Without the pictures, output the lines of the material from the very first through the one that holds "Topshop Womens White".

__Data__:

____

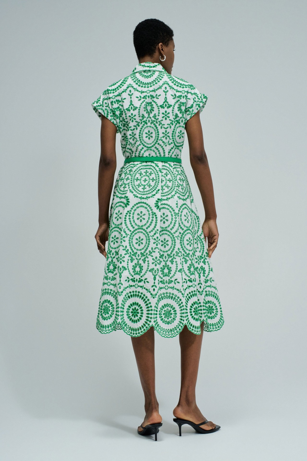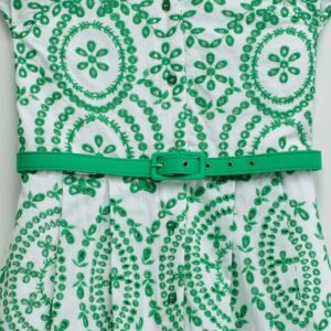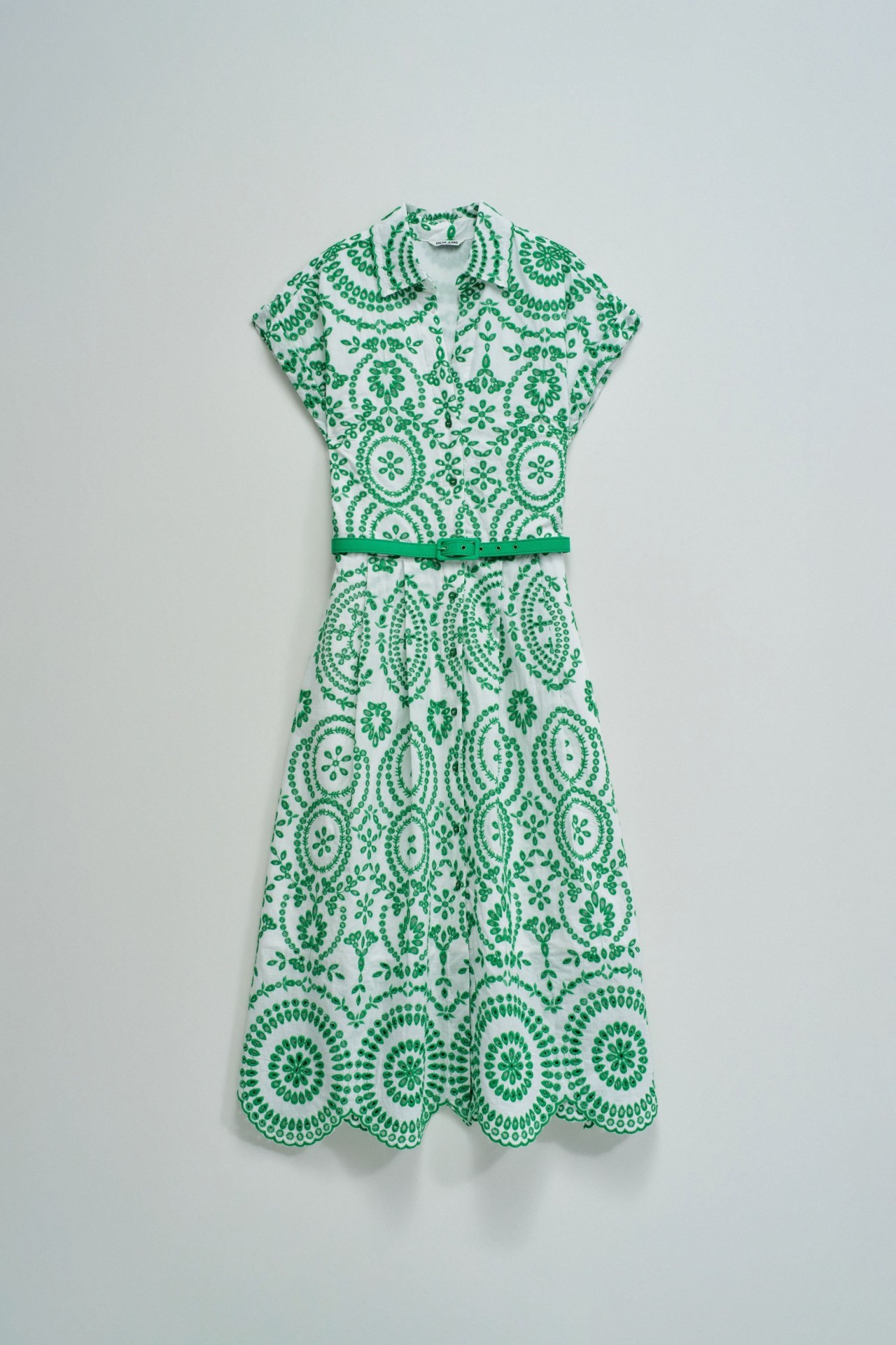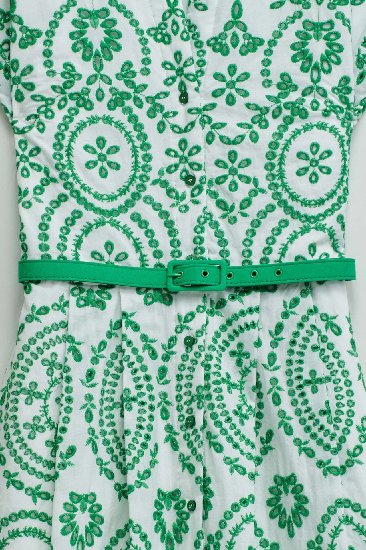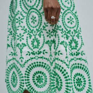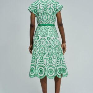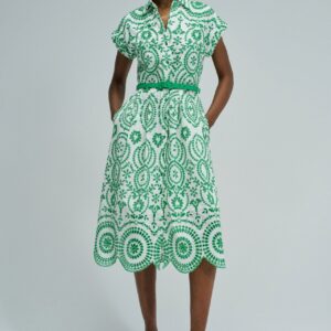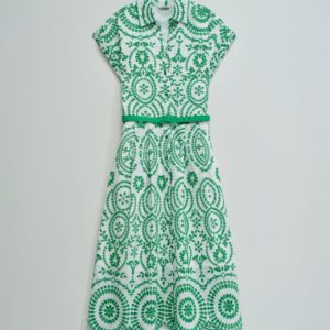As flores assumem protagonismo e os tecidos tornam-se mais leves. Este vestido camiseiro em bordado inglês reflete essa inspiração através de um padrão floral vibrante e de uma silhueta fresca, pensada para os dias mais quentes.O bordado inglês destaca-se pela textura delicada e pelo toque respirável, proporcionando conforto e leveza ao longo do dia. O padrão floral verde ilumina o look e reforça a sua expressão mais feminina, com um toque marcante.A abertura frontal com botões e o decote camiseiro reforçam o caráter clássico da peça. O cinto removível permite ajustar a cintura e definir a silhueta, enquanto o comprimento midi, as mangas curtas e os bolsos laterais combinam estilo e funcionalidade. O forro interior garante maior conforto ao vestir.Um vestido versátil e feminino, ideal para looks leves e elegantes nos dias mais quentes.
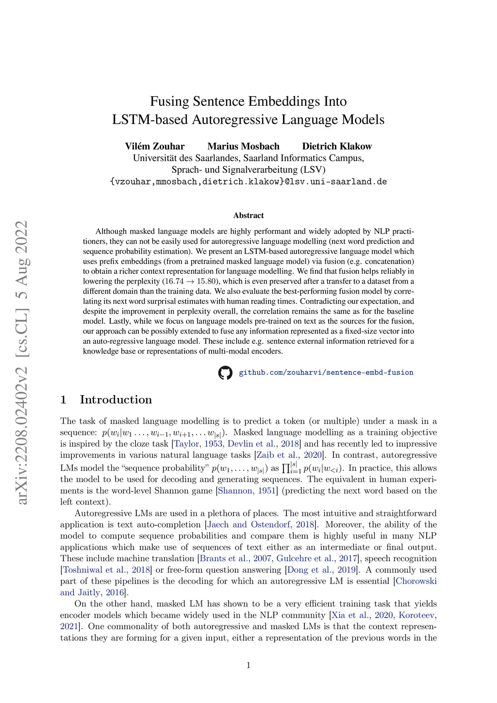 Fusing Sentence Embeddings Into LSTM-based Autoregressive Language
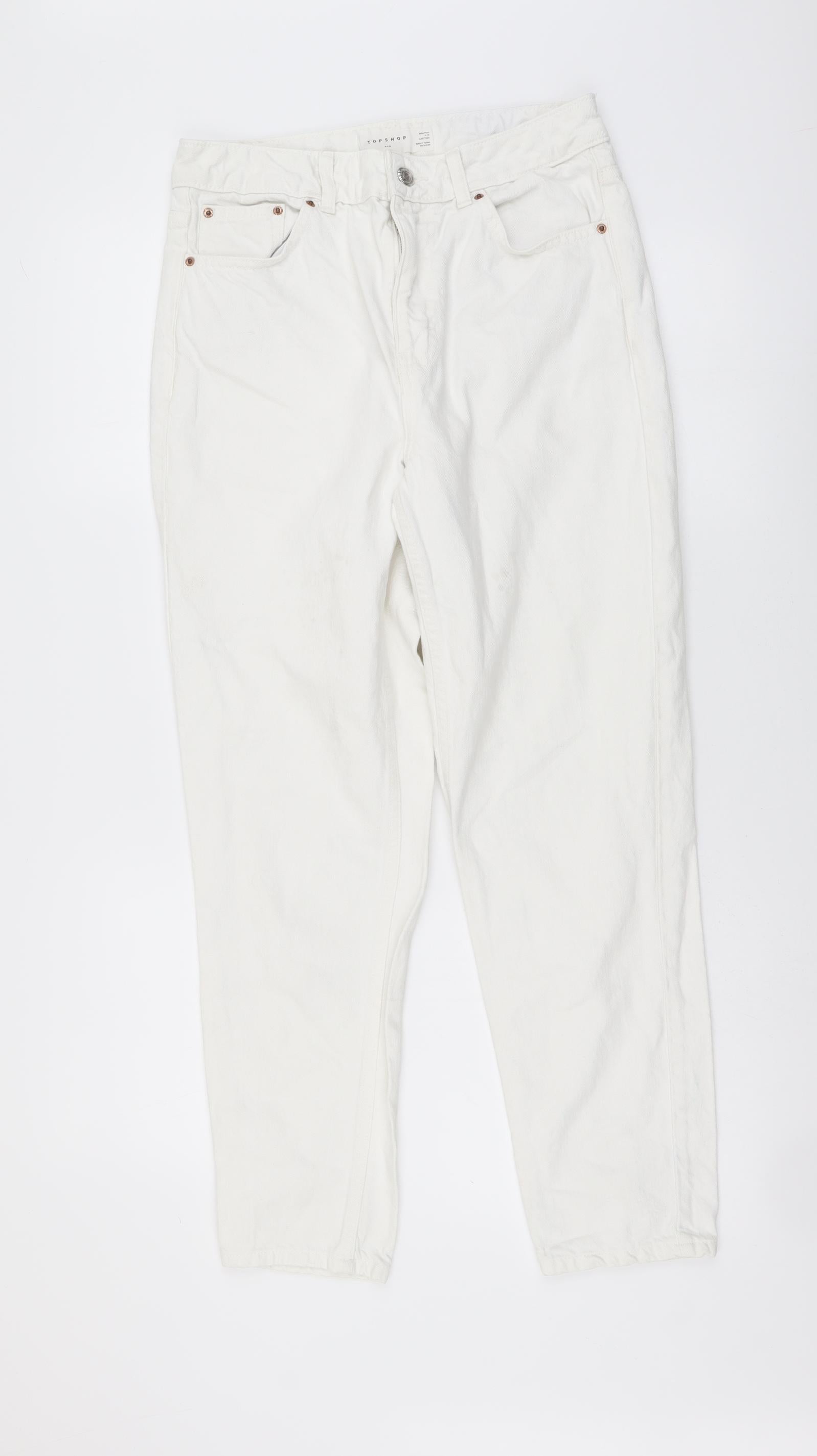 Topshop Womens White Cotton Mom Jeans Size 28 in L30 in Regular Button
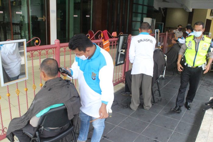 “Ini dari Biro Sumber Daya Manusia (SDM) Polda Kalsel yang memfasilitasi kegiatan. Ya menyiapkan tukang cukur telah diketahui identitas kesehatanya,” kata . Karo SDM Polda Kalsel, Kombes Pol Ari Wahyu Widodo.

____

__Exercise output__:
As flores assumem protagonismo e os tecidos tornam-se mais leves. Este vestido camiseiro em bordado inglês reflete essa inspiração através de um padrão floral vibrante e de uma silhueta fresca, pensada para os dias mais quentes.O bordado inglês destaca-se pela textura delicada e pelo toque respirável, proporcionando conforto e leveza ao longo do dia. O padrão floral verde ilumina o look e reforça a sua expressão mais feminina, com um toque marcante.A abertura frontal com botões e o decote camiseiro reforçam o caráter clássico da peça. O cinto removível permite ajustar a cintura e definir a silhueta, enquanto o comprimento midi, as mangas curtas e os bolsos laterais combinam estilo e funcionalidade. O forro interior garante maior conforto ao vestir.Um vestido versátil e feminino, ideal para looks leves e elegantes nos dias mais quentes.
 Fusing Sentence Embeddings Into LSTM-based Autoregressive Language
 Topshop Womens White Cotton Mom Jeans Size 28 in L30 in Regular Button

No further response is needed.